The Rodovia Presidente Dutra, (BR-116 - or SP-060 in the state of São Paulo), colloquially known as Via Dutra is a federal highway which runs through the eastern part of the state of São Paulo and southwestern region of the state of Rio de Janeiro. It is the part of the route BR-116 connecting the city of São Paulo to the city of Rio de Janeiro.

It covers a total distance of 402 km, starting at the Trevo das Margaridas in Rio de Janeiro and ending at the junction with Marginal Tietê in São Paulo. It merges with Rodovia Ayrton Senna in the county of Guararema and has junctions with the Rodovia Fernão Dias, the BR-354 and the BR-459. The highway largely follows the Paraíba do Sul river valley.

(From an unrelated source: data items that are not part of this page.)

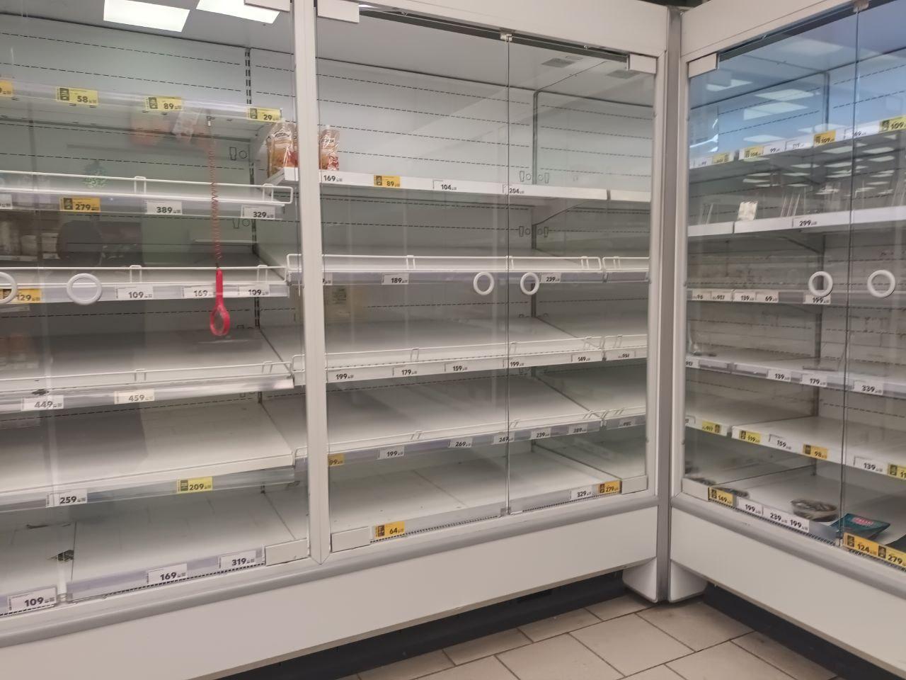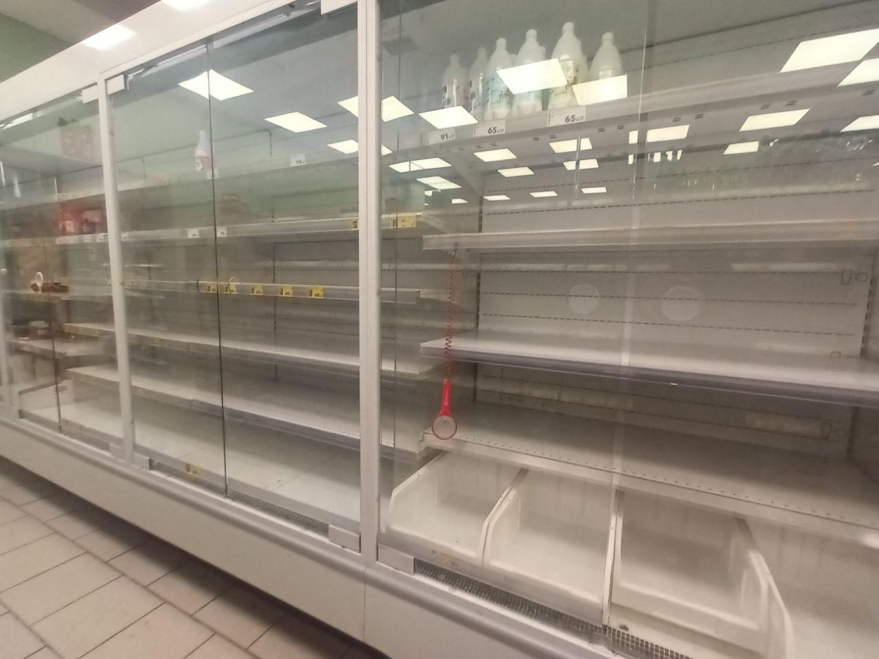 В целом люди ведут себя довольно вежливо, даже общаются между собой. Однако неизвестно, как было раньше: на одном из почти пустых холодильников к вечеру отсутствуют стеклянные двери.
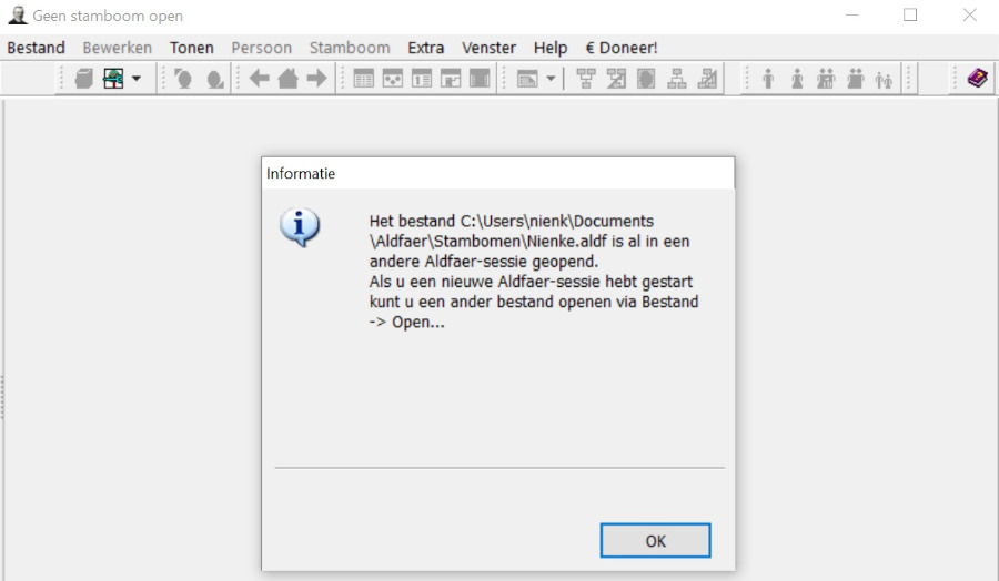 Je het het programa Aldfaer. Is het programma geopend dan kan het programma een bestand inlezen, dit zijn je genealogie gegevens. Indien je een back up maakt van het bestand zou je bestand kunnen crashen maar dan heb je nog altijd je back up die je dan kan inlezen.
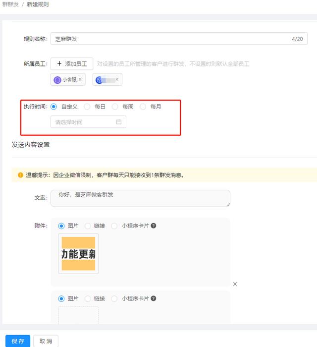 可以自定义时间,这样可以提前安排好要发送的消息,避免临时延迟,每天、每周、每月都可以安排消息,更好的运营客户。
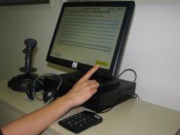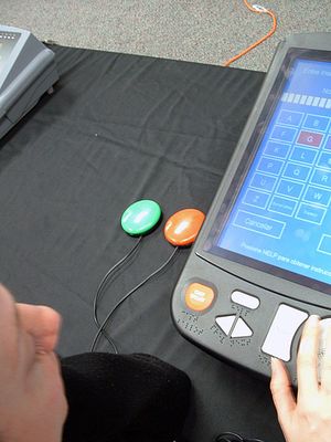 A Hart eSlate DRE voting machine with jelly buttons for people with manual dexterity disabilities.

The Via Dutra is considered the most important Brazilian highway since it connects the two biggest and most important cities of Brazil and runs through one of the richest regions of the country, the Paraíba Valley. It is also the most important connection between the Southern Region and the Northeast Region. It is named after former Brazilian president Eurico Gaspar Dutra, who inaugurated the highway.

The highway was managed by CCR NovaDutra in 1996 until March 2022, when CCR RioSP took over management.

==History==
The first road between the city of São Paulo and the city of Rio de Janeiro was built by the Washington Luis government and inaugurated on Saturday, 5 May 1928.

At the end of the 1940s industrialization and the necessity of a faster, safer and more efficient and modern road connection of the two biggest Brazilian cities led to the construction of the Rodovia Presidente Dutra as it is known today. It was inaugurated on Friday, 19 January 1951, by the President Eurico Gaspar Dutra and called BR-2. It was a two-lane road with exception of the stretches between São Paulo and Guarulhos and in the Baixada Fluminense where it was a four-lane dual carriageway.

In the 1960s it had various stretches converted to four-lane divided road. In 1967 it was fully converted to four-lane highway status.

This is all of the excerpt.